__Task objective__.
Only the lines running from the line with "Os neurônios pré-ganglionares" to the end of the listing below should be copied, exactly, without pictures.
═══ Collected material
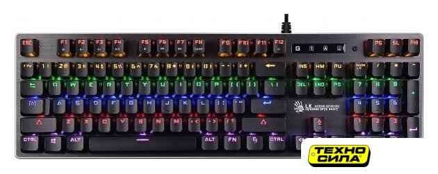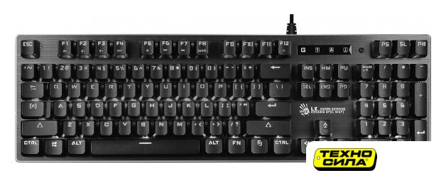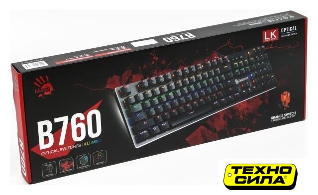 игровая для ПК, механическая, Bloody BLMS Red Plus, ход линейный/тихие, пластик, интерфейс подключения - USB-A, подсветка, кириллица: да, цвет черный
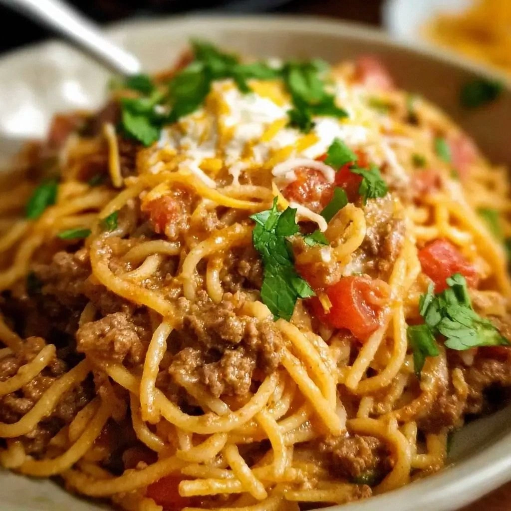 Swap the spaghetti for corn tortillas: Warm the tortillas in a skillet and fill them with the taco‑spaghetti mixture. Top with fresh salsa, avocado, and a squeeze of lime for a street‑style experience. This variation turns the dish into a handheld fiesta.
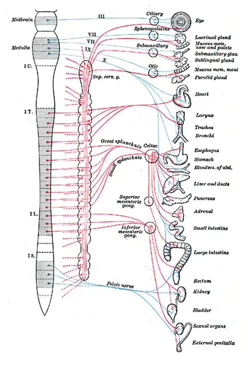 Os neurônios pré-ganglionares do sistema simpático emergem dos segmentos tóraco-lombares (da região do peito e logo abaixo), ao passo que os do sistema parassimpático emergem dos segmentos céfalo-sacrais (da região da cabeça e logo acima dos glúteos).
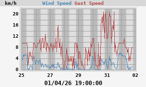 This week's max: 2 km/h at 06:50:00 (Sunday)
══════
__Solution for this task__.
 Os neurônios pré-ganglionares do sistema simpático emergem dos segmentos tóraco-lombares (da região do peito e logo abaixo), ao passo que os do sistema parassimpático emergem dos segmentos céfalo-sacrais (da região da cabeça e logo acima dos glúteos).
 This week's max: 2 km/h at 06:50:00 (Sunday)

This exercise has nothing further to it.